START SOURCE DATA
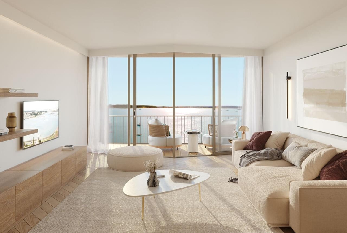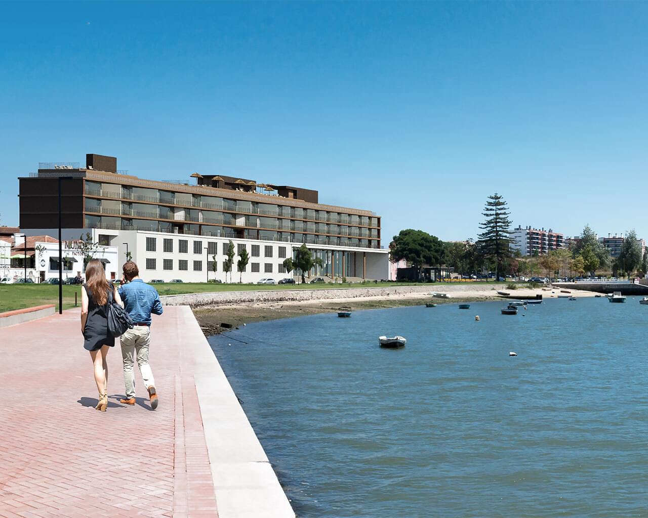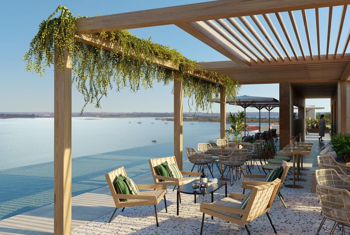Exclusive riverside residences in Seixal Bay with panoramic Tagus views, 4★ hotel amenities, rental income options, modern design and investment potential.
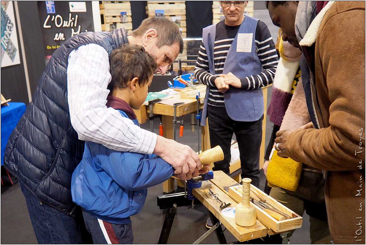 Les bénévoles et animateurs des ateliers présentaient nos activités en lien avec le bois : les enfants ont notamment pu s’exercer à la sculpture sur bois et à la menuiserie.
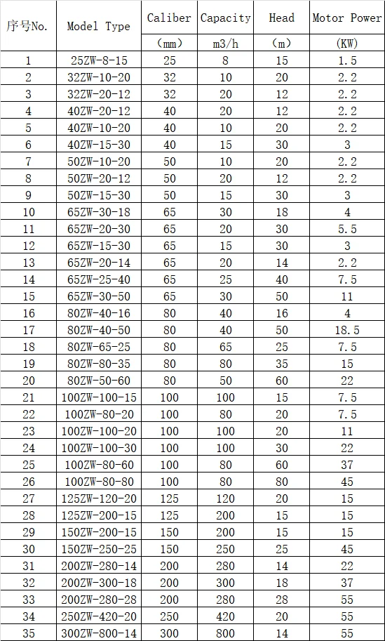 ZW self-priming non-clogging sewage pump is a product with novel structure successfully developed on the basis of repeated research on the technology of similar products at home and abroad. And through the unique design of the pump body and the impeller flow channel, it is not necessary to install a bottom valve and irrigation water like a general self-priming clean water pump, and it can also suck and discharge impurities containing large particles and long fibers. It is widely used in municipal sewage projects, river pond aquaculture manure treatment, sedimentation of waste ore impurities, impurity pump for light industry, papermaking, food, chemical,pharmaceutical, electric power, paddle materials and mixtures and other chemical media.
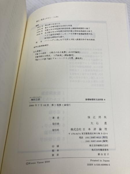 解析力学 (数理物理学方法序説 6) 日本評論社 保江 邦夫
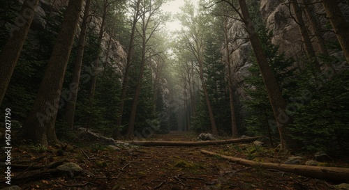 Obraz premium Sunlit Path Through a Dark Forest
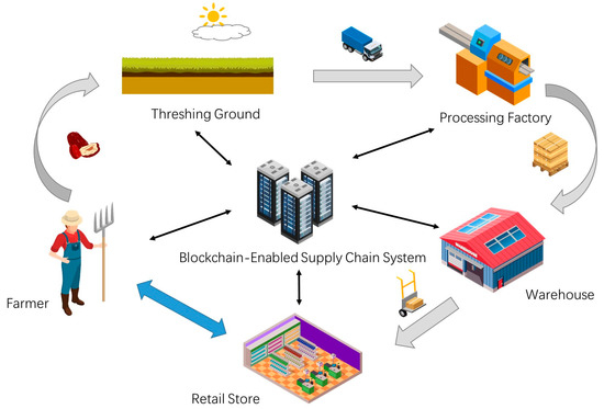 We investigated the local jujube supply chain in Alar (Xinjiang, China), and found that the whole supply chain is composed of five main phases, namely, plantation, threshing ground, processing factory, warehouse, and retail store. Jujube ripens in four to six months. Local farmers pick the ripe fruits and put them in the local threshing ground for drying. Relevant processors purchase jujubes in batches from production cooperatives with unified purchase prices. Due to the opacity of information exchange and the long-term trade inertia, farmers have almost no bargaining power in this case. Jujubes are packaged into boxes and stored in the warehouse after being processed. Finally, jujubes are transported to retail stores in boxes for sale. Based on our investigation, the application scenario of our jujube SCM framework is shown in Figure 1.
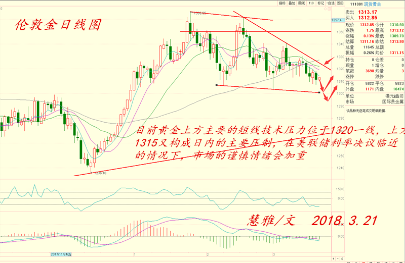 伦敦金行情分析: 昨日黄金承压于1320下方震荡下跌,日线收得一阴线,一度跌破前一日低点,市场情绪的转变主因还是受美联储利率决议临近的影响。 目前黄金上方主要的短线技术压力位于1320一线,上方1315又构成日内的主要压制,在美联储利率决议临近的情况下,市场的谨慎情绪会加重,且某种程度上,市场对于美联储鹰派的预期
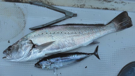 狙いのアジは釣れんかったけど、ニベの強い引きは楽しかったし、ソウダが来ているということは夏の海だね♪
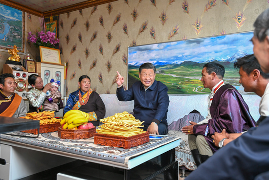 8日下午,習近平總書記來到海北藏族自治州剛察縣沙柳河鎮(zhèn)果洛藏貢麻村,走進牧民索南才讓家中,看望慰問藏族群眾。索南才讓說,牧民生活好,全靠黨的政策好,衷心感謝黨、衷心感謝總書記。習近平指出,我們黨成立一百年了,為什么老百姓衷心擁護中國共產黨?因為我們黨始終全心全意為人民服務、為各民族謀幸福。我們一百年來取得的成績,贏得了民心,在建設社會主義現(xiàn)代化國家新征程上,我們要走得更好。
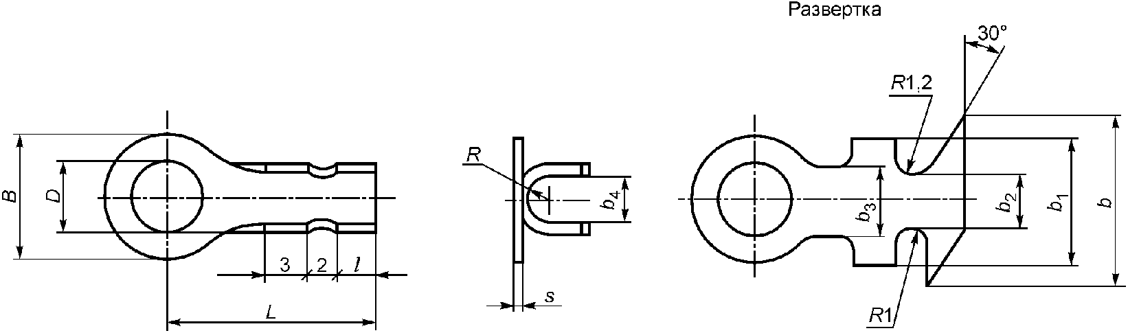 Сечение провода, мм2 | D | L | l | B | b | b1 | b2 | b3 | b4 | R | s |
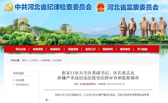 7月4日晚上8点50分左右,河北省纪委监委网站消息,张家口市万全区委副书记、区长张志友涉嫌严重违纪违法,目前正接受纪律审查和监察调查。
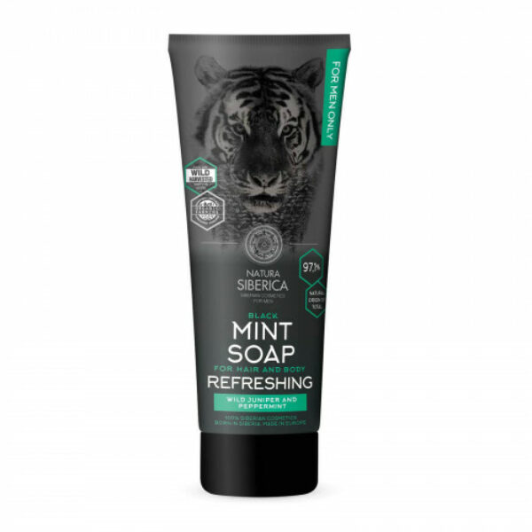 Naturalne, miętowe, odświeżające, czarne mydło do włosów i ciała, Natura Siberica Men, 200ml
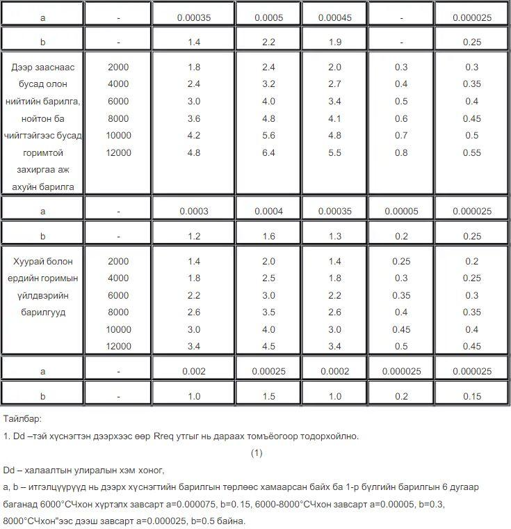 Жич: Хашлага бүтээцийн дулаан дамжуулалтын эсэргүүцлийн нормчлогдсон утга бүхий хүснэгтийг хавсралтаар (Хүснэгт №3)-д оруулав.
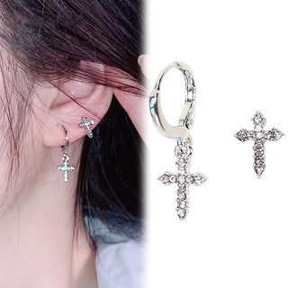 1 Đôi Bông Tai Hình Thánh Giá Đính Đá Zircon Phong Cách Hip Hop Dành Cho Nữ
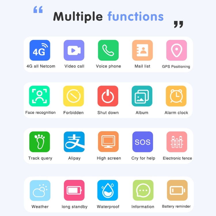 4. Function: Waterproof, audio and video entertainment, photography, pedometer, social entertainment, intelligent reminder, information push, weather, mobile positioning, tracking/alarm, alarm clock, face recognition, sports tracking, sleep analysis
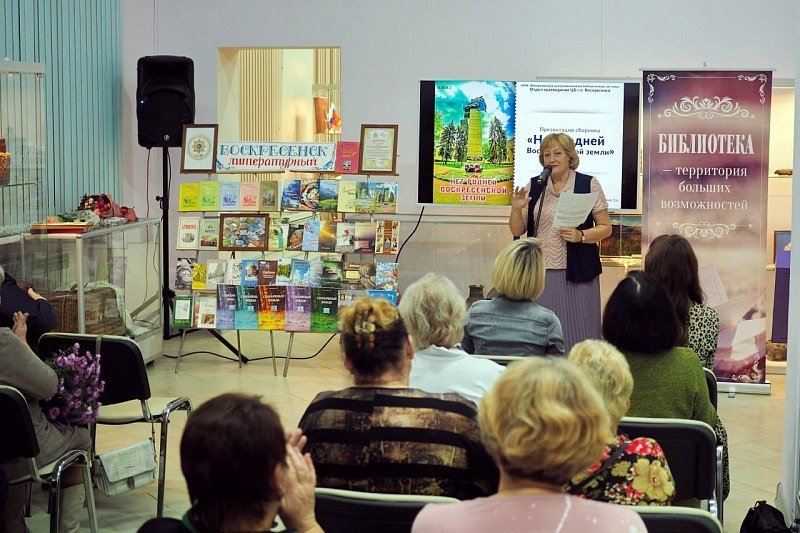 19 октября в отделе краеведения Центральной библиотеки состоялась презентация книги. Воскресенских литераторов с этим событием поздравила начальник управления культуры администрации округа Елена Баклушина, а также активисты и сторонники партии «Единая Россия» в рамках партпроекта «Культура малой родины».
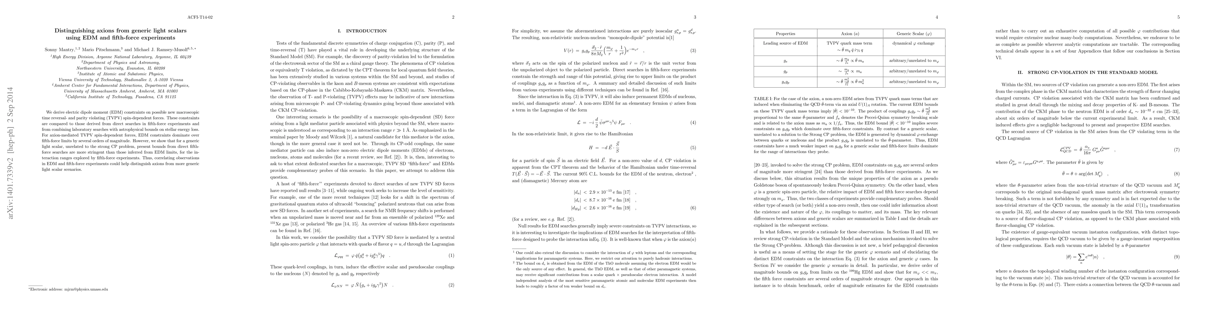 This paper compares electric dipole moment (EDM) constraints to fifth-force experiments for distinguishing axions from generic light scalars. EDM constraints dominate for axions but are less stringent than fifth-force experiments for generic scalars, suggesting a correlation between these experiments could help differentiate axion scenarios from others.
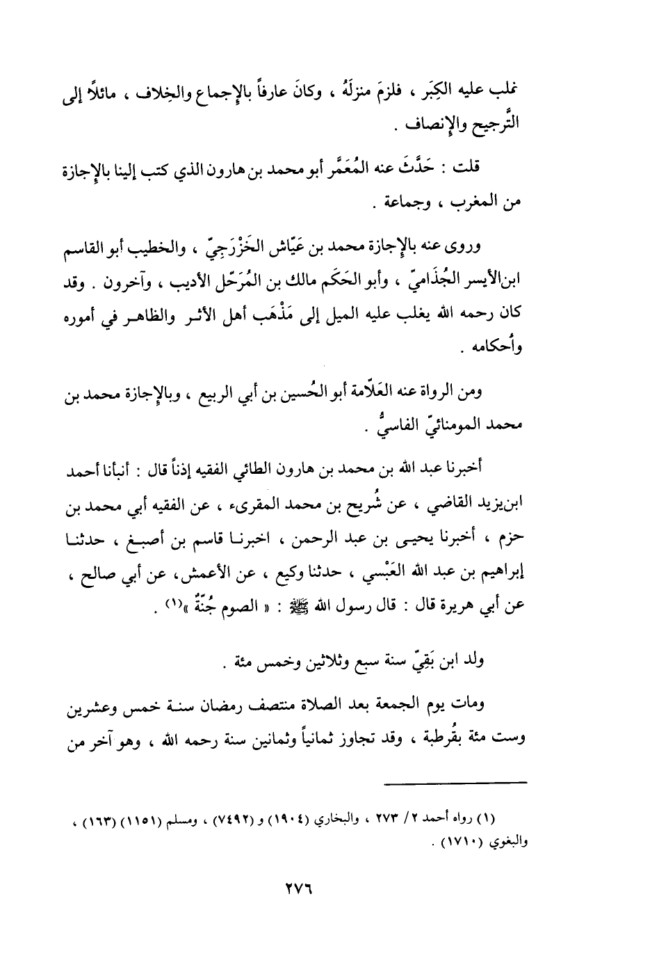 أَخْبَرَنَا عَبْدُ اللهِ بنُ مُحَمَّدِ بنِ هَارُوْنَ الطَّائِيّ الفَقِيْه إِذْناً، قَالَ: أَنْبَأَنَا أَحْمَدُ بنُ يَزِيْدَ القَاضِي، عَنْ شُرَيْحِ بنِ مُحَمَّدٍ المُقْرِئِ، عَنِ الفَقِيْهِ أَبِي مُحَمَّدٍ بنِ حَزْم، أَخْبَرَنَا يَحْيَى بنُ عَبْدِ الرَّحْمَنِ، أَخْبَرَنَا قَاسم بن أَصْبَغَ، حَدَّثَنَا إِبْرَاهِيْمُ بنُ عَبْدِ اللهِ العَبْسِيّ، حَدَّثَنَا وَكِيْعٌ، عَنِ الأَعْمَشِ، عَنْ أَبِي صَالِحٍ، عَنْ أَبِي هُرَيْرَةَ، قَالَ:
END SOURCE DATA
* **ACTIVITY**: With the pictures removed, the entries above should be transcribed exactly.

* **YOUR SOLUTION**:
Exclusive riverside residences in Seixal Bay with panoramic Tagus views, 4★ hotel amenities, rental income options, modern design and investment potential.
 Les bénévoles et animateurs des ateliers présentaient nos activités en lien avec le bois : les enfants ont notamment pu s’exercer à la sculpture sur bois et à la menuiserie.
 ZW self-priming non-clogging sewage pump is a product with novel structure successfully developed on the basis of repeated research on the technology of similar products at home and abroad. And through the unique design of the pump body and the impeller flow channel, it is not necessary to install a bottom valve and irrigation water like a general self-priming clean water pump, and it can also suck and discharge impurities containing large particles and long fibers. It is widely used in municipal sewage projects, river pond aquaculture manure treatment, sedimentation of waste ore impurities, impurity pump for light industry, papermaking, food, chemical,pharmaceutical, electric power, paddle materials and mixtures and other chemical media.
 解析力学 (数理物理学方法序説 6) 日本評論社 保江 邦夫
 Obraz premium Sunlit Path Through a Dark Forest
 We investigated the local jujube supply chain in Alar (Xinjiang, China), and found that the whole supply chain is composed of five main phases, namely, plantation, threshing ground, processing factory, warehouse, and retail store. Jujube ripens in four to six months. Local farmers pick the ripe fruits and put them in the local threshing ground for drying. Relevant processors purchase jujubes in batches from production cooperatives with unified purchase prices. Due to the opacity of information exchange and the long-term trade inertia, farmers have almost no bargaining power in this case. Jujubes are packaged into boxes and stored in the warehouse after being processed. Finally, jujubes are transported to retail stores in boxes for sale. Based on our investigation, the application scenario of our jujube SCM framework is shown in Figure 1.
 伦敦金行情分析: 昨日黄金承压于1320下方震荡下跌,日线收得一阴线,一度跌破前一日低点,市场情绪的转变主因还是受美联储利率决议临近的影响。 目前黄金上方主要的短线技术压力位于1320一线,上方1315又构成日内的主要压制,在美联储利率决议临近的情况下,市场的谨慎情绪会加重,且某种程度上,市场对于美联储鹰派的预期
 狙いのアジは釣れんかったけど、ニベの強い引きは楽しかったし、ソウダが来ているということは夏の海だね♪
 8日下午,習近平總書記來到海北藏族自治州剛察縣沙柳河鎮(zhèn)果洛藏貢麻村,走進牧民索南才讓家中,看望慰問藏族群眾。索南才讓說,牧民生活好,全靠黨的政策好,衷心感謝黨、衷心感謝總書記。習近平指出,我們黨成立一百年了,為什么老百姓衷心擁護中國共產黨?因為我們黨始終全心全意為人民服務、為各民族謀幸福。我們一百年來取得的成績,贏得了民心,在建設社會主義現(xiàn)代化國家新征程上,我們要走得更好。
 Сечение провода, мм2 | D | L | l | B | b | b1 | b2 | b3 | b4 | R | s |
 7月4日晚上8点50分左右,河北省纪委监委网站消息,张家口市万全区委副书记、区长张志友涉嫌严重违纪违法,目前正接受纪律审查和监察调查。
 Naturalne, miętowe, odświeżające, czarne mydło do włosów i ciała, Natura Siberica Men, 200ml
 Жич: Хашлага бүтээцийн дулаан дамжуулалтын эсэргүүцлийн нормчлогдсон утга бүхий хүснэгтийг хавсралтаар (Хүснэгт №3)-д оруулав.
 1 Đôi Bông Tai Hình Thánh Giá Đính Đá Zircon Phong Cách Hip Hop Dành Cho Nữ
 4. Function: Waterproof, audio and video entertainment, photography, pedometer, social entertainment, intelligent reminder, information push, weather, mobile positioning, tracking/alarm, alarm clock, face recognition, sports tracking, sleep analysis
 19 октября в отделе краеведения Центральной библиотеки состоялась презентация книги. Воскресенских литераторов с этим событием поздравила начальник управления культуры администрации округа Елена Баклушина, а также активисты и сторонники партии «Единая Россия» в рамках партпроекта «Культура малой родины».
 This paper compares electric dipole moment (EDM) constraints to fifth-force experiments for distinguishing axions from generic light scalars. EDM constraints dominate for axions but are less stringent than fifth-force experiments for generic scalars, suggesting a correlation between these experiments could help differentiate axion scenarios from others.
 أَخْبَرَنَا عَبْدُ اللهِ بنُ مُحَمَّدِ بنِ هَارُوْنَ الطَّائِيّ الفَقِيْه إِذْناً، قَالَ: أَنْبَأَنَا أَحْمَدُ بنُ يَزِيْدَ القَاضِي، عَنْ شُرَيْحِ بنِ مُحَمَّدٍ المُقْرِئِ، عَنِ الفَقِيْهِ أَبِي مُحَمَّدٍ بنِ حَزْم، أَخْبَرَنَا يَحْيَى بنُ عَبْدِ الرَّحْمَنِ، أَخْبَرَنَا قَاسم بن أَصْبَغَ، حَدَّثَنَا إِبْرَاهِيْمُ بنُ عَبْدِ اللهِ العَبْسِيّ، حَدَّثَنَا وَكِيْعٌ، عَنِ الأَعْمَشِ، عَنْ أَبِي صَالِحٍ، عَنْ أَبِي هُرَيْرَةَ، قَالَ:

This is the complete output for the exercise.